== Dataset excerpts ==
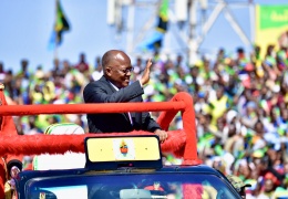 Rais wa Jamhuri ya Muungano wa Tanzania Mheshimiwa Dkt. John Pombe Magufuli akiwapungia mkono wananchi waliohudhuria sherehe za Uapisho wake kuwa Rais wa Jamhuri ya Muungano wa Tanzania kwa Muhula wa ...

--

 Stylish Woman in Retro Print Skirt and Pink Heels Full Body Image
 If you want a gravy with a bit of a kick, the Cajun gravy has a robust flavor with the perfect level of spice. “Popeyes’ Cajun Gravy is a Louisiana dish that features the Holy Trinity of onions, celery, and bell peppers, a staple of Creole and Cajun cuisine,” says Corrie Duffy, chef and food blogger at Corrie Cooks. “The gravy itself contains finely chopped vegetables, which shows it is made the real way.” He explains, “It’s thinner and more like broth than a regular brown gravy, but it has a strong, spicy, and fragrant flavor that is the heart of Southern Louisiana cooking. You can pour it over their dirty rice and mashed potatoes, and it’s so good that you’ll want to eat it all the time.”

== Task brief ==
Print exactly the lines above, between the one holding "Stylish Woman in" and the one holding "If you want", inclusive, and nothing besides.

== Task output ==
 Stylish Woman in Retro Print Skirt and Pink Heels Full Body Image
 If you want a gravy with a bit of a kick, the Cajun gravy has a robust flavor with the perfect level of spice. “Popeyes’ Cajun Gravy is a Louisiana dish that features the Holy Trinity of onions, celery, and bell peppers, a staple of Creole and Cajun cuisine,” says Corrie Duffy, chef and food blogger at Corrie Cooks. “The gravy itself contains finely chopped vegetables, which shows it is made the real way.” He explains, “It’s thinner and more like broth than a regular brown gravy, but it has a strong, spicy, and fragrant flavor that is the heart of Southern Louisiana cooking. You can pour it over their dirty rice and mashed potatoes, and it’s so good that you’ll want to eat it all the time.”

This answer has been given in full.